In terms of multiplicity, there were also some interesting choices made in terms of casting and depictions of real people and events. Some people were played by actors but you could hear their real voices, some played themselves, and some were entirely fictional. A strange layering and distancing from the original events was the result, in my opinion.
Amber: It's funny that some reviews have compared the approach of the filmmakers to that of Errol Morris who is so good a spinning a tight yarn as well as using different editing strategies to reveal the different dimensions and truths of a story. This lacked dimension.
I think the film was beautiful to look at but could have used a more rigorous structure, even though there were not many opportunities for "talking head" interviews, as many of the zoos in question didn't want to be filmed.
Kathleen: The one talking head interview that was present only added to the confusion!
Amber: Holy fuck yeah.
I was like "dead little boy", white background, man on a stool...what?!
Kathleen: I think it was supposed to add gravitas, reminding us of the price one zoo paid... for his passion!
All style and very little substance. The "pony" moment, although hilarious, added nothing.
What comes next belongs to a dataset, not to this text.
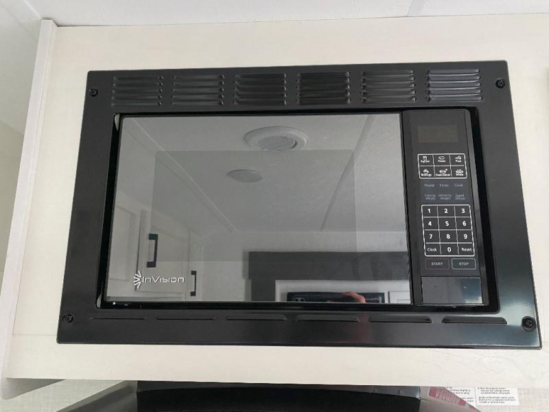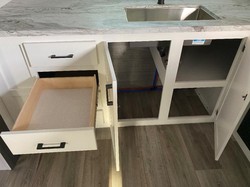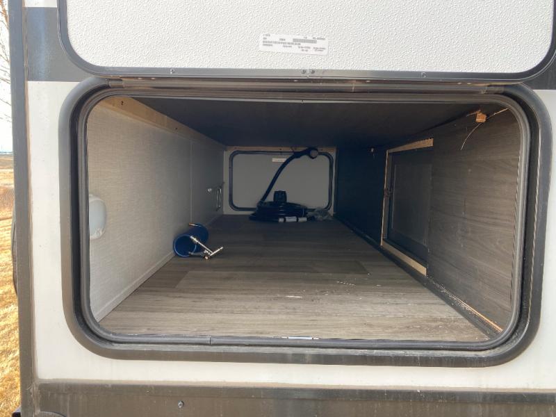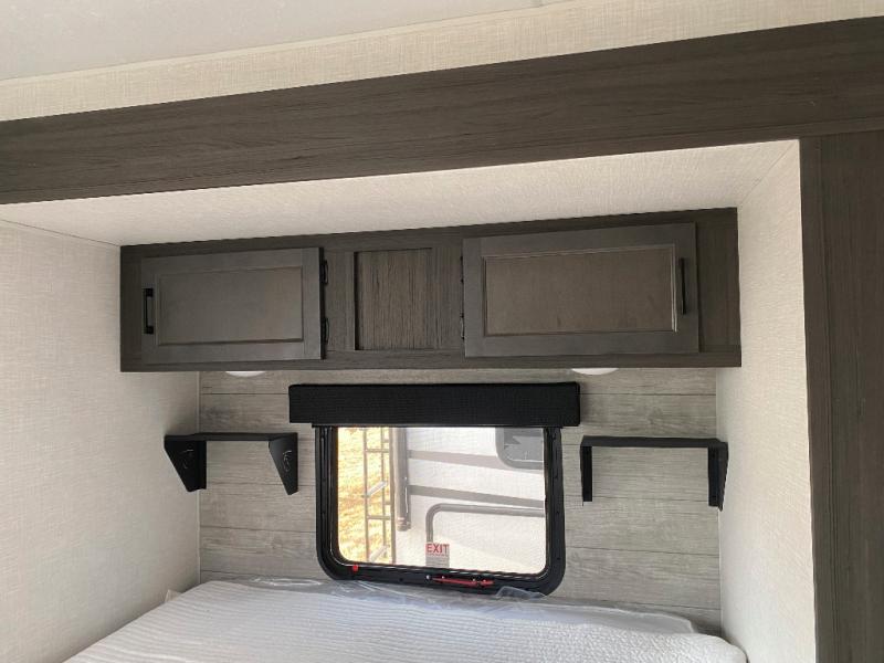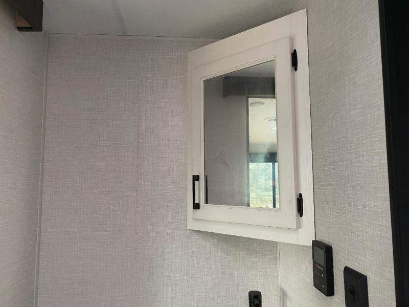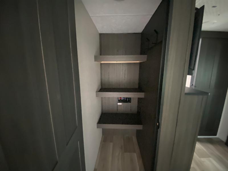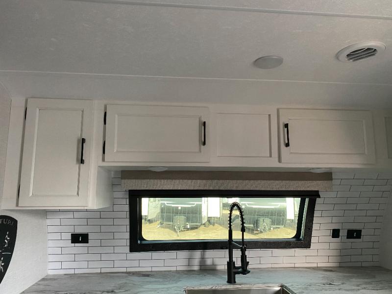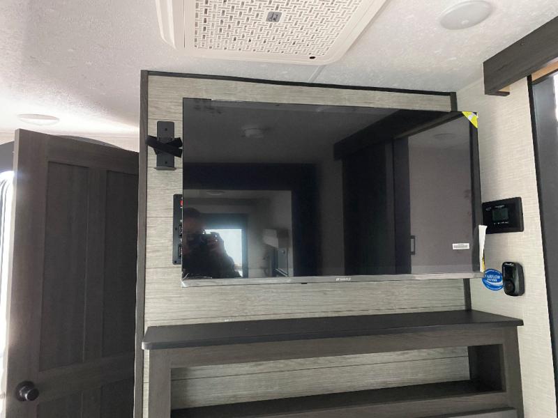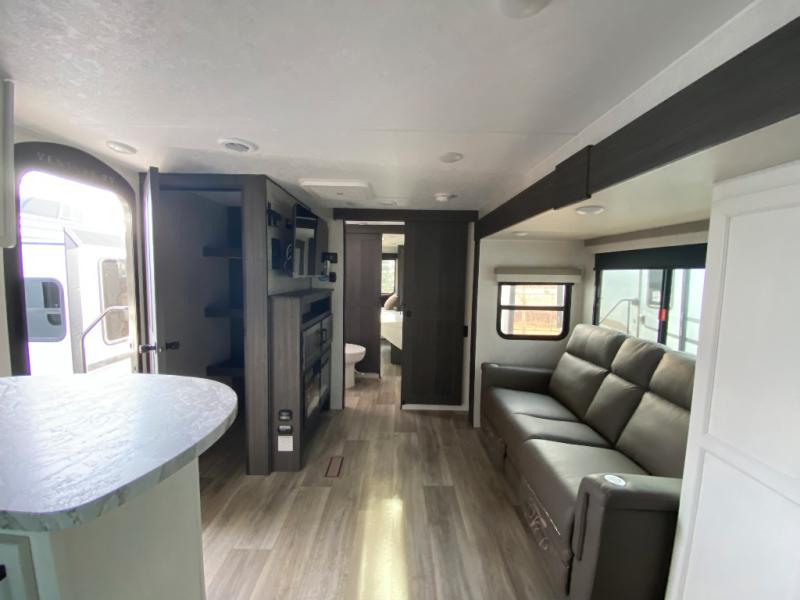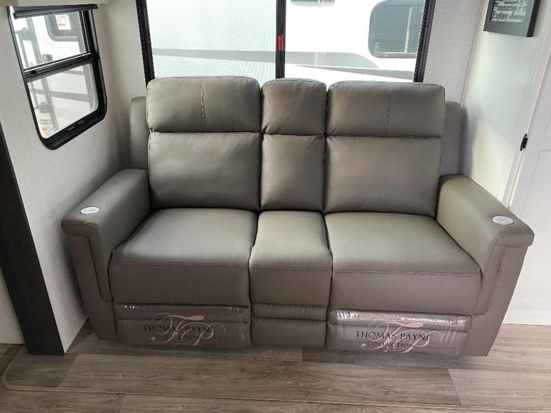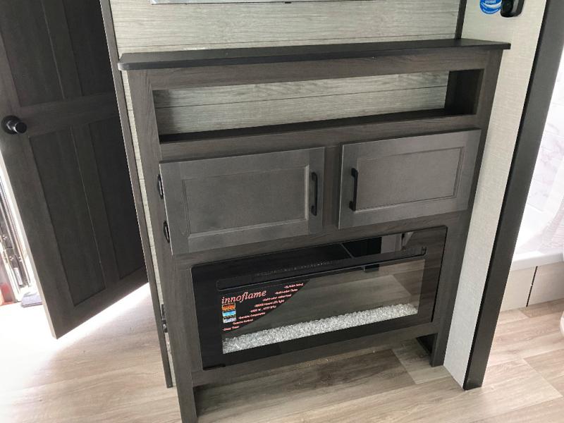 This travel trailer is special for two. Sleep tight in the bedroom on the 60" x 80" queen bed also, store your belongings inside the dresser, and closet, this last one has a bench with sit for added comfort plus, delight yourself with the astonishing panoramic view window. Cook delicious dinner in the incredible spacious front kitchen. It includes stainless steel sink with cover and dish drying racks, three cooktop burner, refrigerator, pantry, bar with stools and an over head cabinet. In addition, experience a fun moment in the living room thanks to the 40" TV, theater sitting with USB ports on each side of it and fireplace for full coziness. Finally, take a relaxing bath in the walk thru bathroom furnished with a 30" x 36" shower.

Amber: It added to my personal glee.
What did Rick say again?
Kathleen: Rick said it was a hilarious slapstick comedy, that the dolphins made him laugh, and about the guy on the stool... I don't remember.
Oh gawd and the music! I would argue that the music really worked against the filmmaker's desire to make a non-judgmental and "objective" piece. The music was all and foreboding and relentless and sinister.
Amber: I think it was supposed to be "Glass-ian".
Kathleen: Well i kept getting scissorhands flashbacks.
Amber: Lady friend, I gotta go back to work now.